GIVEN INFORMATION
---*---

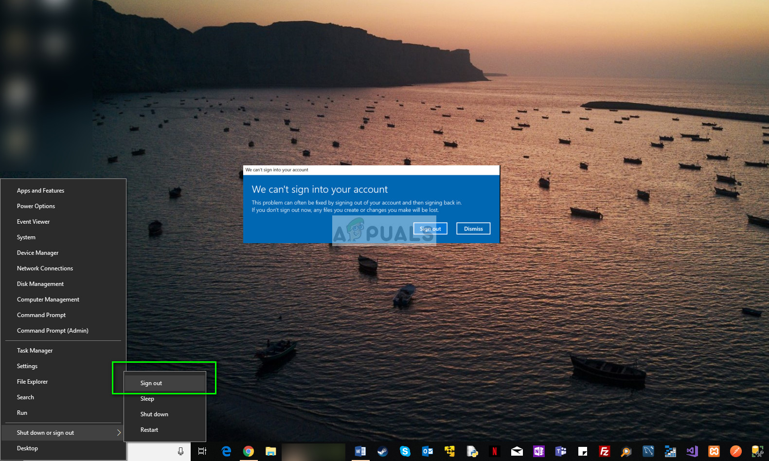 - Right-click on the Windows icon present at the bottom-left side of your Desktop and select Shut down or sign out > Sign out.
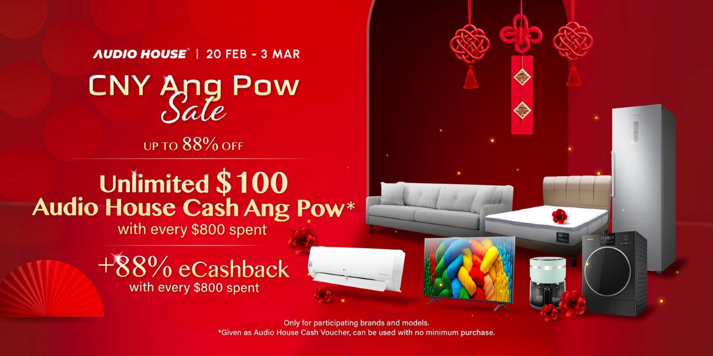 From 20 February to 3 March 2026, Audio House will be running its CNY Ang Pow Sale, featuring savings of up to 88% off participating home appliances and bedding brands including AcerPure, Ariston, Beko, Cuckoo, EuropAce, Four Star, Hisense, JBL, Kadeka, KDK, King Koil, LG, Mayer, Midea, Mitsubishi Electric, NNIO, Panasonic, Philips, Ruhens, Samsung, Sharp, Toshiba, Turbo and more.
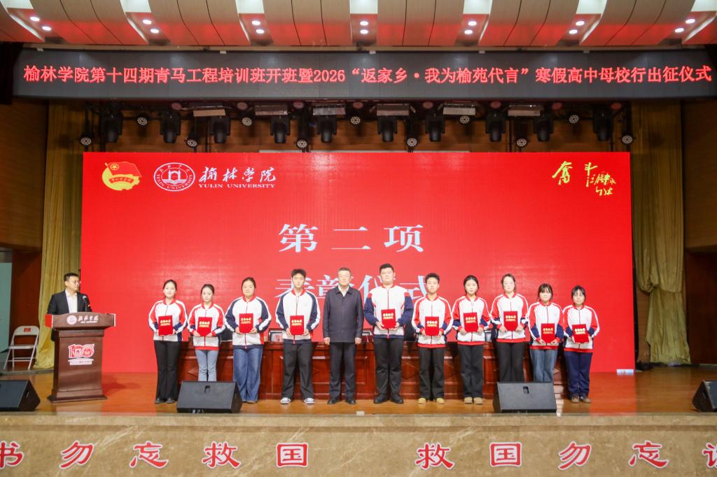 此次仪式的举行,是学校践行习近平新时代中国特色社会主义思想、落实“立德树人”使命的生动实践,标志着第十四期青马工程培训班正式启动、2026“返家乡·我为榆苑代言”寒假母校行实践活动全面展开。活动通过“青马工程”筑牢青年信仰、培育担当能力,借助“母校行”活动搭建情感纽带、展现学子风貌,在服务家乡与宣传学校中深化了学生的爱校荣校情怀与社会责任感,为学校人才培养和地方发展注入青春动能。下一步,学校将以此为新起点,持续完善“思想引领+实践锻炼”育人体系,深化青年马克思主义者培养模式,拓展校地协同与朋辈引航实践平台,引导青年学子在学习、实践与奉献中成长为时代新人,为建设特色鲜明的一流应用型大学、助力榆林高质量发展贡献青春力量。

---*---

Write out every line above again exactly, with the pictures left out.

 - Right-click on the Windows icon present at the bottom-left side of your Desktop and select Shut down or sign out > Sign out.
 From 20 February to 3 March 2026, Audio House will be running its CNY Ang Pow Sale, featuring savings of up to 88% off participating home appliances and bedding brands including AcerPure, Ariston, Beko, Cuckoo, EuropAce, Four Star, Hisense, JBL, Kadeka, KDK, King Koil, LG, Mayer, Midea, Mitsubishi Electric, NNIO, Panasonic, Philips, Ruhens, Samsung, Sharp, Toshiba, Turbo and more.
 此次仪式的举行,是学校践行习近平新时代中国特色社会主义思想、落实“立德树人”使命的生动实践,标志着第十四期青马工程培训班正式启动、2026“返家乡·我为榆苑代言”寒假母校行实践活动全面展开。活动通过“青马工程”筑牢青年信仰、培育担当能力,借助“母校行”活动搭建情感纽带、展现学子风貌,在服务家乡与宣传学校中深化了学生的爱校荣校情怀与社会责任感,为学校人才培养和地方发展注入青春动能。下一步,学校将以此为新起点,持续完善“思想引领+实践锻炼”育人体系,深化青年马克思主义者培养模式,拓展校地协同与朋辈引航实践平台,引导青年学子在学习、实践与奉献中成长为时代新人,为建设特色鲜明的一流应用型大学、助力榆林高质量发展贡献青春力量。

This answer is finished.